VIVÊNCIAS DE INFÂNCIA...
Associando-me às celebrações do centenário de José Saramago, faço-me eco das palavras iniciais do discurso que - fez ontem 23 anos - pronunciou ao receber o ‘Prémio Nobel da Literatura’.
- Contrastes: “O homem mais sábio que conheci em toda a minha vida não sabia ler nem escrever. Às quatro da madrugada, quando a promessa de um novo dia ainda vinha em terras de França, levantava-se da enxerga e saía para o campo, levando ao pasto a meia dúzia de porcas de cuja fertilidade se alimentavam ele e a mulher. Viviam desta escassez os meus avós maternos, da pequena criação de porcos que, depois do desmame, eram vendidos aos vizinhos da aldeia, Azinhaga de seu nome. Chamavam-se Jerónimo Melrinho e Josefa Caixinha esses avós, e eram analfabetos um e outro.”

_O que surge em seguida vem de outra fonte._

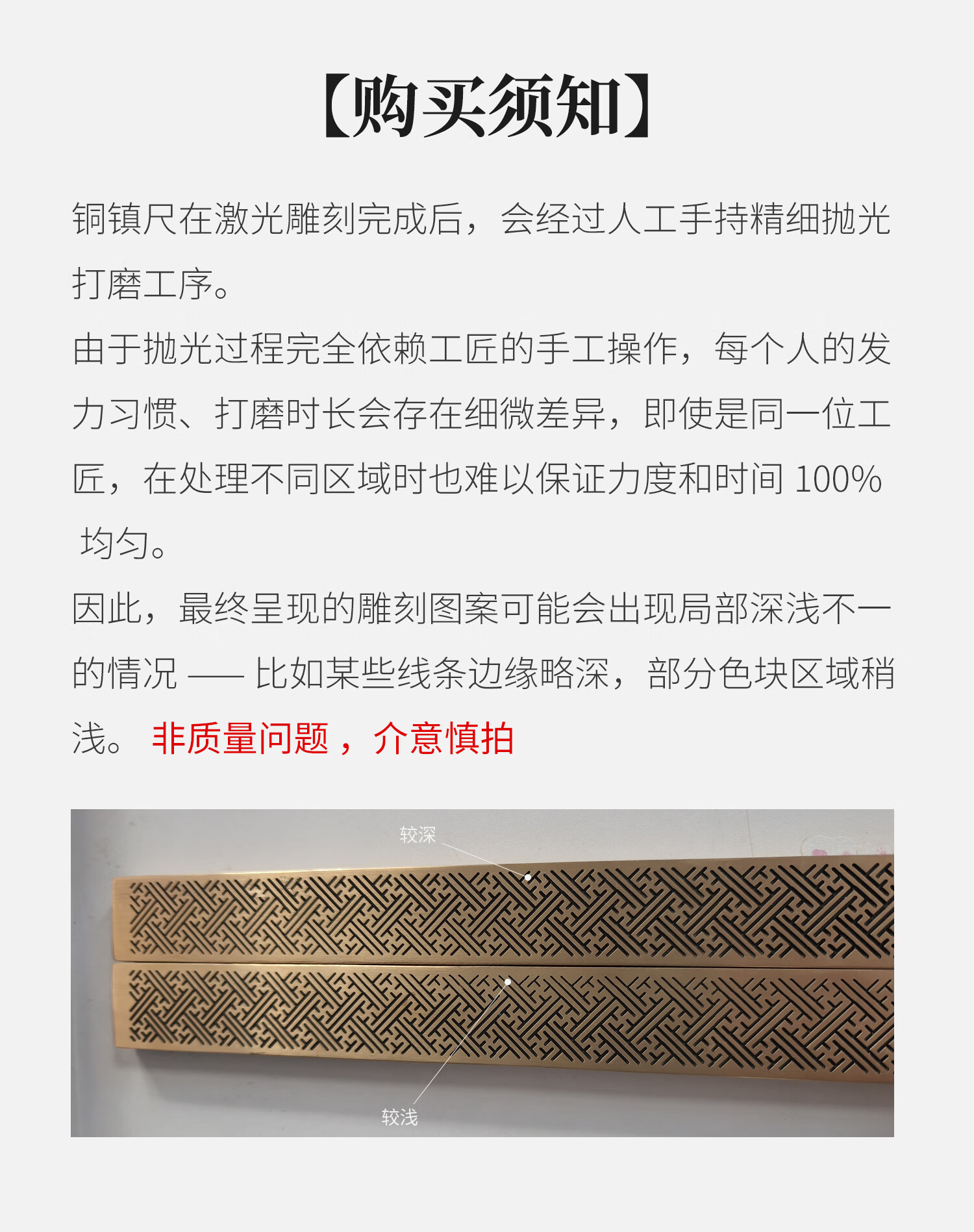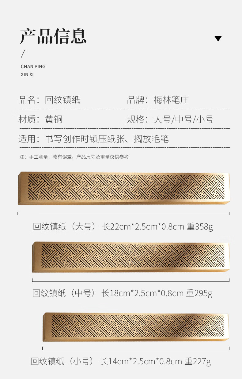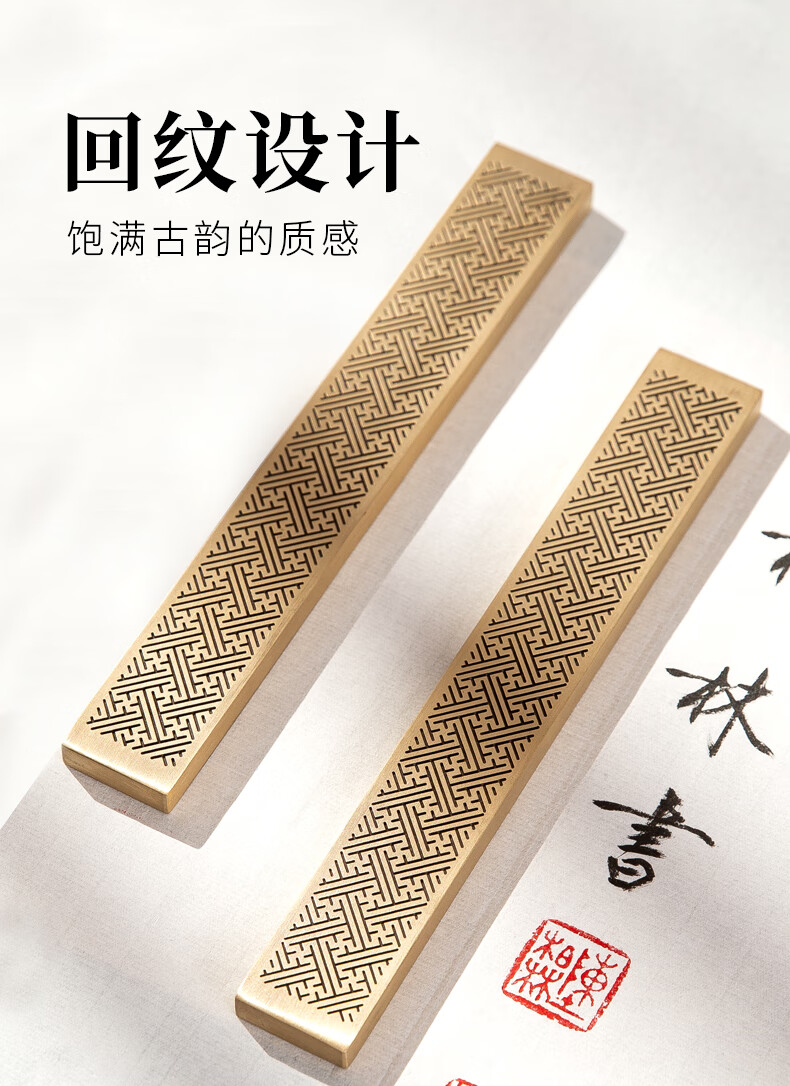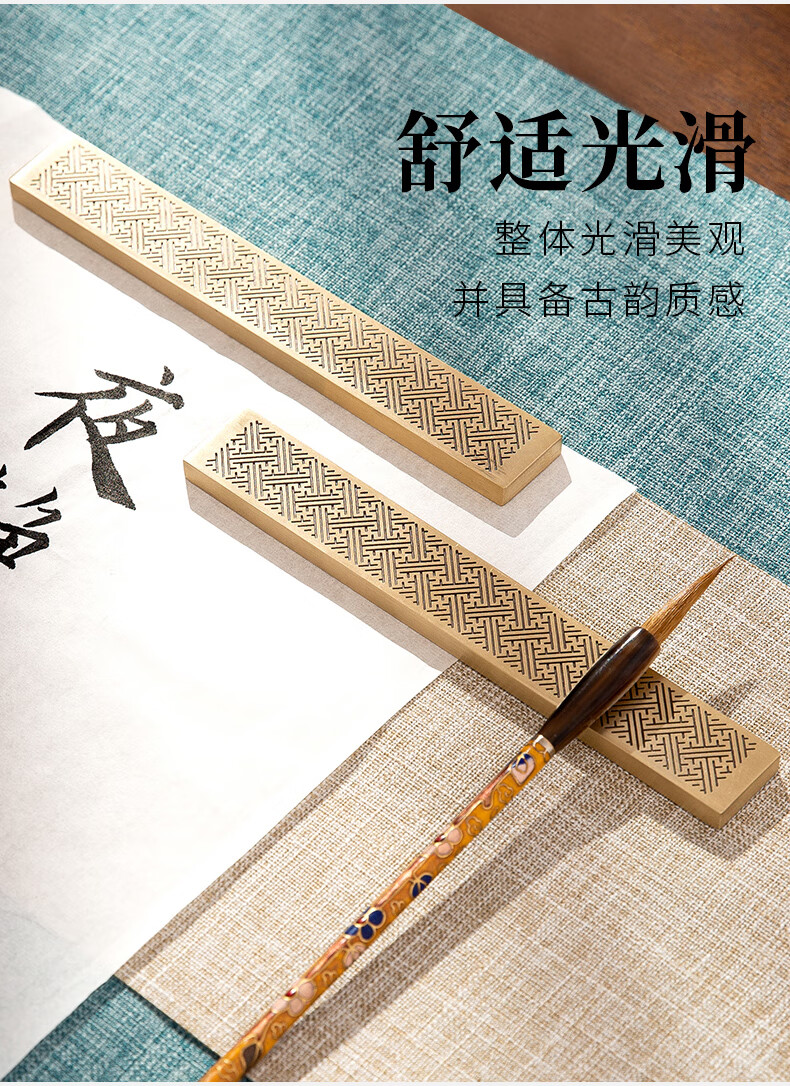 梅林笔庄黄铜镇尺实心纯铜书法镇纸尺毛笔压纸石仿古压书压条金属镇尺大号文房四宝高档送礼摆件可定制刻字 黄铜镇尺22cm 单支装

- Os seus trabalhos de infância: “Ajudei muitas vezes este meu avô Jerónimo nas suas andanças de pastor, cavei muitas vezes a terra do quintal anexo à casa e cortei lenha para o lume, muitas vezes, dando voltas e voltas à grande roda de ferro que acionava a bomba, fiz subir a água do poço comunitário e a transportei ao ombro, muitas vezes fui com a minha avó, também pela madrugada, munidos de ancinho, panal e corda, a recolher nos restolhos a palha solta que depois haveria de servir para a cama do gado.”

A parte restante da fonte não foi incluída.